Robert Smith: A Birthday Full of Sad

I remember standing in front of the televsion as a small child watching drops of water fell upon a stalagmite as a funeral dirge blared from speakers that had seen better days. As a tiny misanthrope, these two things, caves (where stalagmites are birthed) and funeral dirges, spoke to my soul. At the tender age of 8, this first glimpse of Lovesong began my love affair with The Cure.

Obviously, I couldn’t rush out and get music because the internet had not yet been invented and I had no job. This made me even more sad. The world was not smiling upon me and this made my love for all things Robert Smith all the more apparent. He was singing my childhood pain while wearing eyeshadow and lipstick under a head of hair that was wild and crazy like my young emotions.

It wasn’t until sometime later that I was able to stand on the edge of the deep green sea that was The Cure’s music. When I lived in Germany, my caretaker had a friend that displayed a “Boy’s Don’t Cry” on her barracks wall. Strangely, a 20 something year old and a child of only 13 years could bond over their love for this band. She used to let me sit in her room and listen to all of her albums. It was a glorious time of EPIC SADNESS.

I didn’t know what Goth was back then. I just knew I was always sad because living sucked and Robert Smith made me happy because “HOLY SHIT SOMEONE FEELS LIKE ME!” So there I was, alone and eating lunch with the other band nerds in middle school talking about bands like Depeche Mode, NIN, Bauhaus, and well, you get the tragic idea.

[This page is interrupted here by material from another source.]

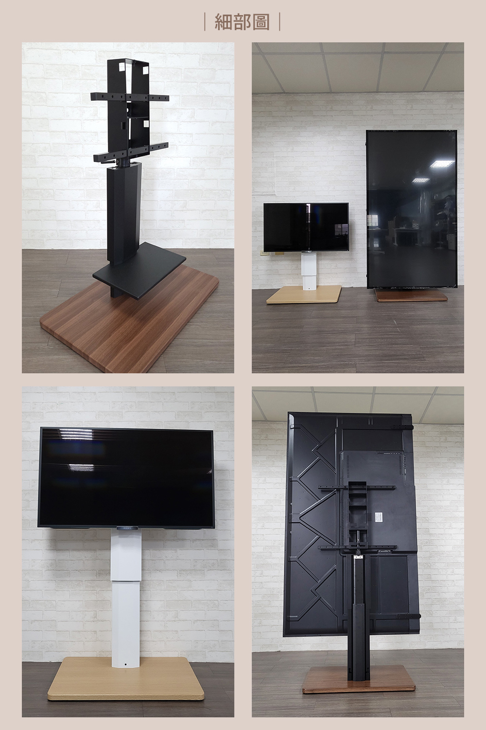 尺寸:長80x寬50x高116-150cm材質:塑鋼、金屬、底板底板材質:MDF高壓密集板(PVC貼膜)表面加工:杜邦抗汙塗層適配尺寸:60-75吋產品承重:120KG產地:台灣保固:1年

It wasn’t until high school, when I could save my lunch money and scam those weird music clubs that sent you 20 CD’s in the mail for a penny that I was able to develope the musical tastes of most meloncholy mall goth.

Things I can thank Robert Smith for:

  • My love of cats.
  • My love of sadness.
  • My love for locking myself in my room with tea candles lit as I cry.
  • My love of caves.

Now that I am done rambling on about my love for The Cure, I just want to wish Robert Smith the best birthday ever. You know, because he deserves it. He deserves it because he saved from the despair of my youth and oh so sad emotions.

So, today, Robert Smith, I just want to give you this:

See? All cats ARE grey. Happy Birthday, Robert Smith!